本文档介绍 SimpleLLMFunc 库中的聊天装饰器 `llm_chat`。该装饰器专门用于实现与大语言模型的对话功能，支持多轮对话、历史记录管理和工具调用。

## llm_chat 装饰器概述

### 装饰器作用

`llm_chat` 装饰器用于构建对话式应用，特别适合以下场景：

- **多轮对话**: 自动管理对话历史，支持上下文连续性
- **流式响应**: 支持实时流式返回响应内容
- **智能助手**: 集成工具调用能力，让 LLM 可以执行外部操作
- **聊天机器人**: 适合构建实时交互的聊天应用

### 主要功能特性

- **多轮对话支持**: 自动管理对话历史记录，保持上下文
- **流式响应**: 返回异步生成器，支持实时流式输出
- **工具集成**: 支持在对话中调用工具，扩展 LLM 的能力范围
- **灵活参数处理**: 智能处理历史记录参数和用户消息
- **完整的日志记录**: 与框架日志系统集成，自动追踪对话

## 装饰器用法

> ⚠️ **重要说明**：`llm_chat` 只能装饰 `async def` 定义的异步函数，调用后返回 **异步生成器**；请使用 `async for` 消费输出。

### 基本语法

```python
from typing import AsyncGenerator, List, Dict, Tuple
from SimpleLLMFunc import llm_chat

@llm_chat(
    llm_interface=llm_interface,           # LLM interface instance (required)
    toolkit=None,                          # Tool list (optional)
    max_tool_calls=None,                   # Max tool calls (optional)
    stream=True,                           # Stream mode (optional)
    self_reference=None,                   # Shared SelfReference object (optional)
    self_reference_key=None,               # SelfReference memory key (optional)
    **llm_kwargs                           # Other LLM kwargs
)
async def your_chat_function(
    message: str,
    history: List[Dict[str, str]] | None = None,
) -> AsyncGenerator[Tuple[str, List[Dict[str, str]]], None]:
    """
    Describe assistant role and behavior here.
    This docstring is used as the system prompt.
    """
    pass
```

> 提示：函数体不会被执行，DocString 才是 Prompt；建议直接使用 `pass`。

### 参数说明

- **llm_interface** (必需): LLM 接口实例，用于与大语言模型通信
- **toolkit** (可选): 工具列表，可以是 Tool 对象或被 @tool 装饰的函数
- **max_tool_calls** (可选): 最大工具调用次数；默认为 `None`，表示框架不主动施加工具调用上限。
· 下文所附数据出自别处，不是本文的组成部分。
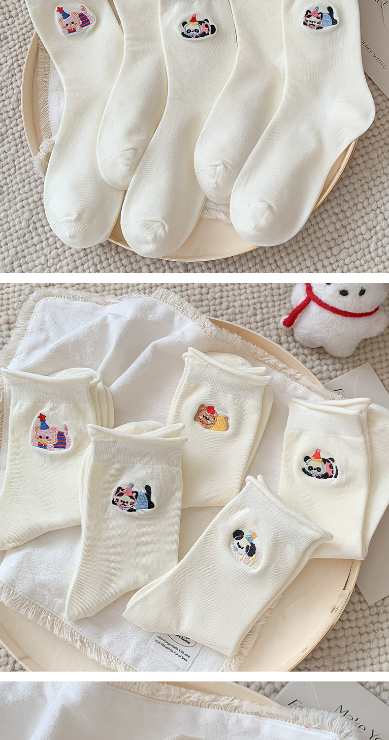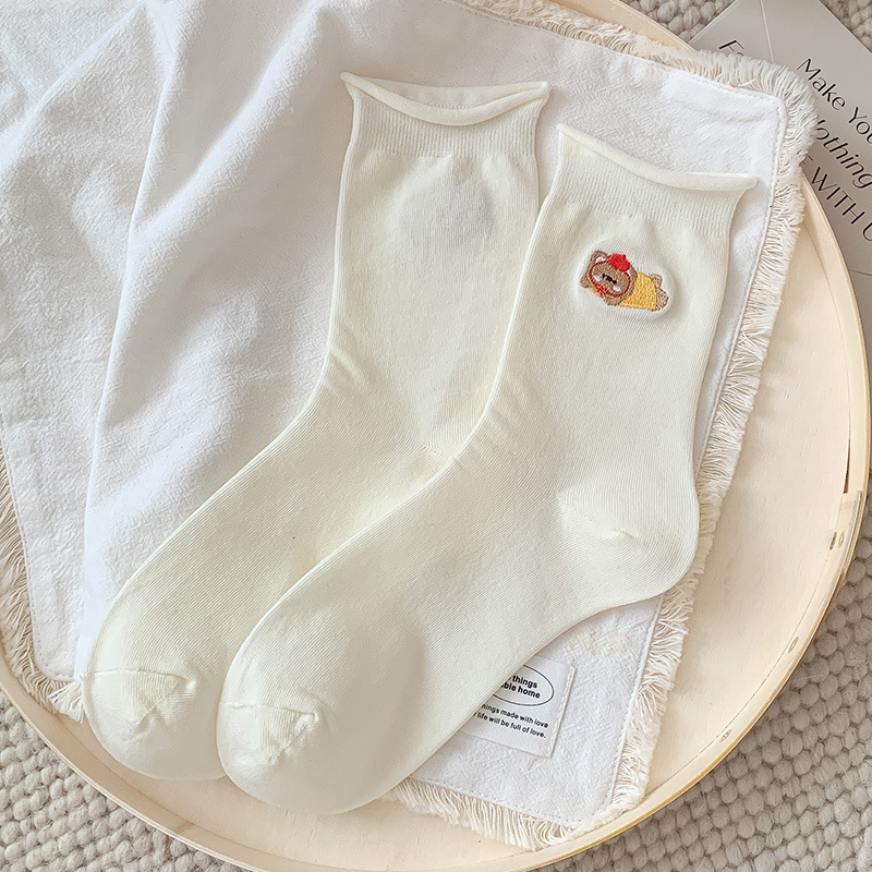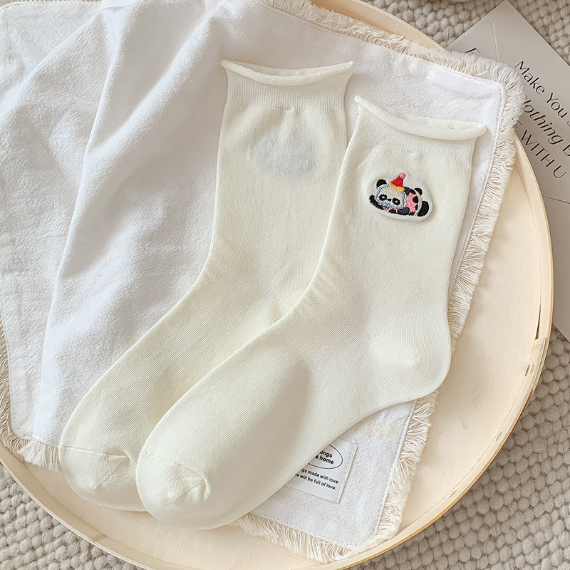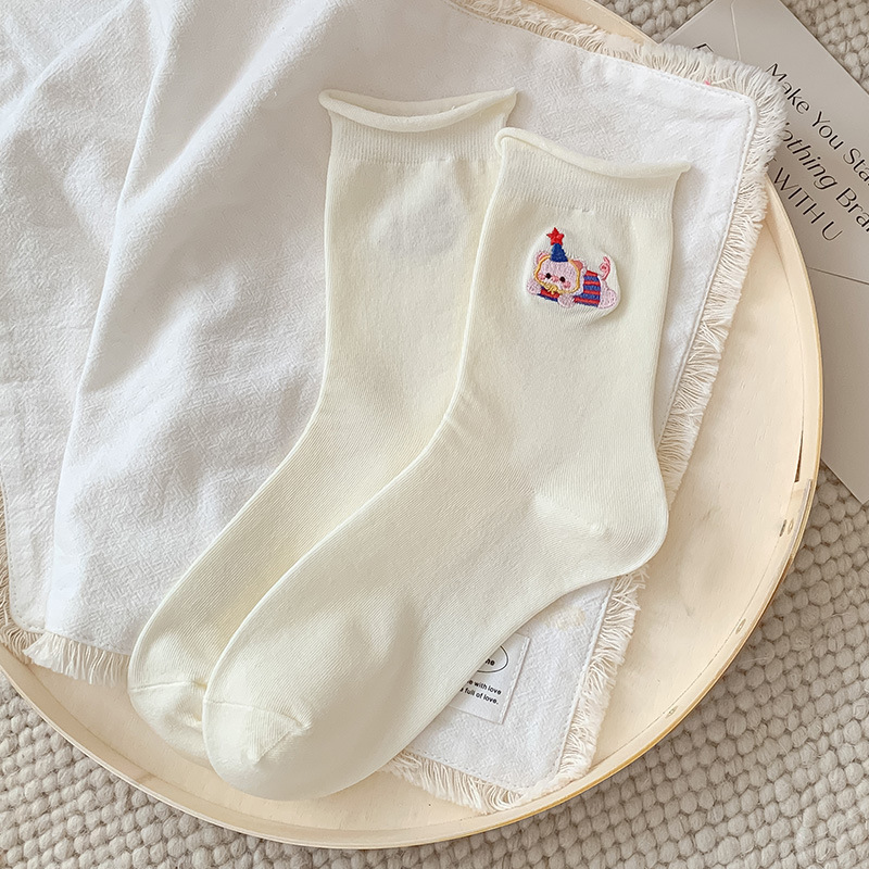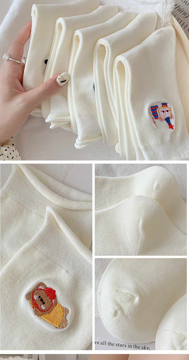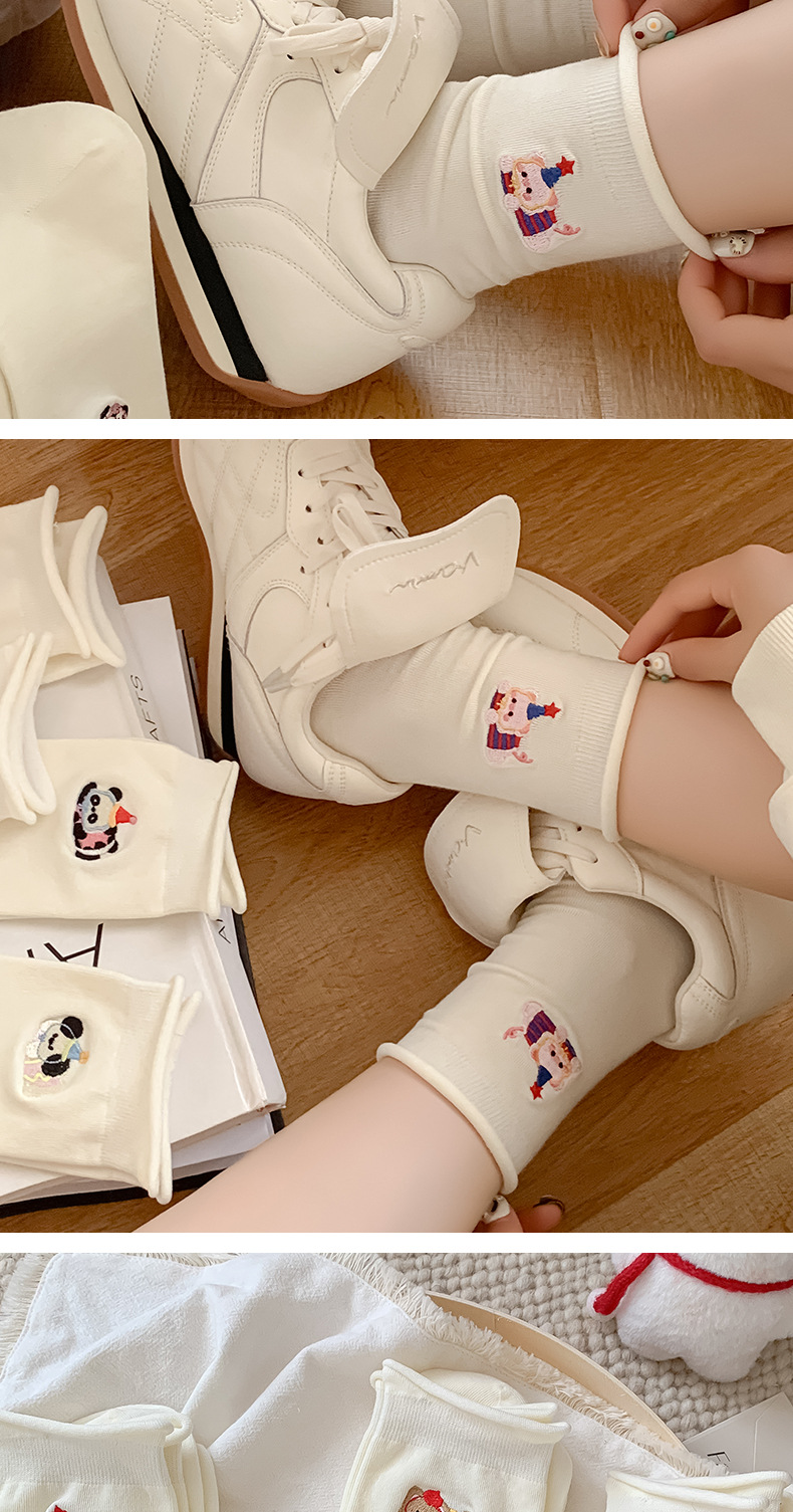 작은 가죽 신발과 어울리는 여성용 흰색 자수 양말, 트렌디하고 통기성이 좋은 한국식 만화 귀여운 봄, 가을 면 양말스토어 가기
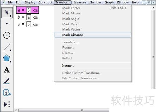 2、 打开几何画板软件,在数据中选择新建参数,新建a = 3、b = 4、c = 5且单位为距离的参数,接着选中参数a,于变换里执行标记距离。
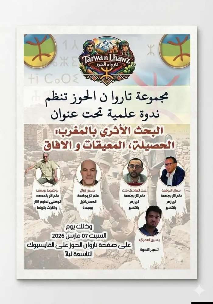 في إطار انخراطها الواعي في النقاش العمومي حول قضايا الهوية والممعرفة والتنمية، تنظم تنسيقية ،'تاروا ن الحوز' ندوة علمية، يوم السبت 07 مارس 2026 ابتداءً من الساعة التاسعة والنصف ليلاً، على صفحتها بالفيس بوك سعياً منها في ترسيخ ثقافة علمية نقدية تجعل من البحث الأكاديمي رافعة أساسية لبناء السياسات العمومية وصياغة الاختيارات الاستراتيجية.

如需更严格保护，请显式传入较小整数。
- **stream** (可选): 是否启用流式模式，默认为 False
- **return_mode** (可选): 返回模式，可选值为 "text"（默认）或 "raw"。
  - 仅在 `enable_event=False` 时生效
  - 当 `enable_event=True` 时，`ResponseYield.response` 始终为原始响应对象或流式 chunk
- **enable_event** (可选): 是否启用事件流，默认为 False
  - `False`: 返回 `(response, messages)` 元组（向后兼容模式）
  - `True`: 返回 `ReactOutput`（`ResponseYield` 或 `EventYield`）
  - 详细说明请参考 [事件流文档](event_stream.md)
- **strict_signature** (可选): 当为 True 时强制 `agent(history, message: str, _template_params=None)` 规范签名
- **self_reference** (可选): 共享的 `SelfReference` 实例；若未显式传入，`llm_chat` 会从 `PyRepl` runtime backend 中自动探测
- **self_reference_key** (可选): 本聊天函数的记忆键，默认为函数名
- ****llm_kwargs**: 额外的关键字参数，将直接传递给 LLM 接口（如 temperature、top_p 等）

### 运行时中断（AbortSignal）

你可以在调用时传入 `_abort_signal` 来中断正在执行的回合（停止流式输出并取消正在执行的工具调用）。

推荐使用常量 `ABORT_SIGNAL_PARAM`，避免硬编码参数名：

```python
from SimpleLLMFunc.hooks import AbortSignal, ABORT_SIGNAL_PARAM

abort_signal = AbortSignal()

async for output in your_chat_function(
    "你好",
    history=[],
    **{ABORT_SIGNAL_PARAM: abort_signal},
):
    ...

# 在其他协程中触发中断
abort_signal.abort("user_interrupt")
```

当 `enable_event=True` 时，`ReactEndEvent.extra` 会包含 `aborted: true` 和可选的 `abort_reason`。
详见 [中断与取消](abort.md)。

### 返回值

当 `enable_event=False`（默认）时，`llm_chat` 装饰的函数返回一个异步生成器，每次迭代返回：

- `chunk` (str): 响应内容的一部分（流式模式）或完整响应（非流式）
- `updated_history` (List[Dict[str, str]]): 更新后的对话历史

> 提示：当 `stream=True` 且 `return_mode="text"` 时，流结束会额外 yield 一个空字符串作为结束标记。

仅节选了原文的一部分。